US Supreme Court will decide on the fate of an 1897 painting which was taken by the Nazis from its former Jewish owner in 1939

In question: Camille Pissarro’s painting
In question: Camille Pissarro’s painting

The US Supreme Court is adjudicating on the fate of an 1897 painting by the impressionist Camille Pissarro, pitting the heirs of its former Jewish owner against a museum in Madrid whose backer paid millions for it.

The piece – titled Rue Saint-Honoré in the Afternoon, Effect of Rain – was owned by the Cassirer family, who bought it directly from Pissarro’s art dealer.

Heirs argue that Lilly Cassirer Neubauer had to sell her painting to obtain the expensive exit visa needed to flee the Nazis in 1939. A Nazi-appointed appraiser offered her £280 for it, then paid the money into an account she could not access.
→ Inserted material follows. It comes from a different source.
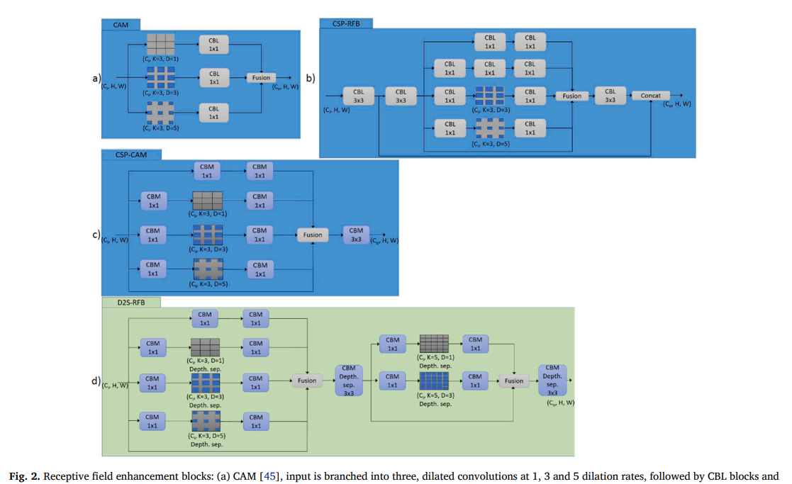 对于卷积层,感受野指的是输入层中对最终输出元素有贡献的元素区域。这种机制影响模型学习长距离空间特征关系的能力。感受野块(RFB)[42]引入了融合膨胀卷积输出以及逆高斯权重初始化的思想。受人类视觉机制启发的RFB模块首次应用于[43]中的目标检测网络。跨阶段局部感受野块(CSP-RFB)[44]为移动设备提出了一种重新设计的轻量级RFB块,其中主要使用逐点卷积,仅使用两个膨胀卷积。上下文增强模块(CAM)[45]使用三个膨胀卷积,比CSP-RFB [44]更紧凑。该块被添加到YOLOv5的颈部以改善特征的上下文信息。

In 1958, she accepted around £10,000 in reparations from the German government but did not waive her right to seek the painting’s return, prompting her grandson, Claude, to pursue the piece, which is worth £22 million.

It was bought by Baron Hans Heinrich Thyssen-Bornemisza in 1976, before passing to Spain in 1993, when a state-backed foundation paid the baron £280m for much of his collection, to be installed at a museum in his name.

America’s top court agreed to consider the case in October last year and began hearing arguments on Tuesday. Both Madrid’s Thyssen-Bornemisza museum as well as the Spanish state have rebuffed the restitution claims.

Claude died in 2010 and his California-based son, David, has taken on the challenge. The Supreme Court is being asked to rule on which country – the US or Spain – has jurisdiction, given they have different laws governing restitution.

The museum has said that both it and Thyssen-Bornemisza bought the painting without knowing it was Nazi-looted art, and that David’s great-grandmother had already “received her requested compensation – a then-fair market value of the painting – to compensate her for her loss”.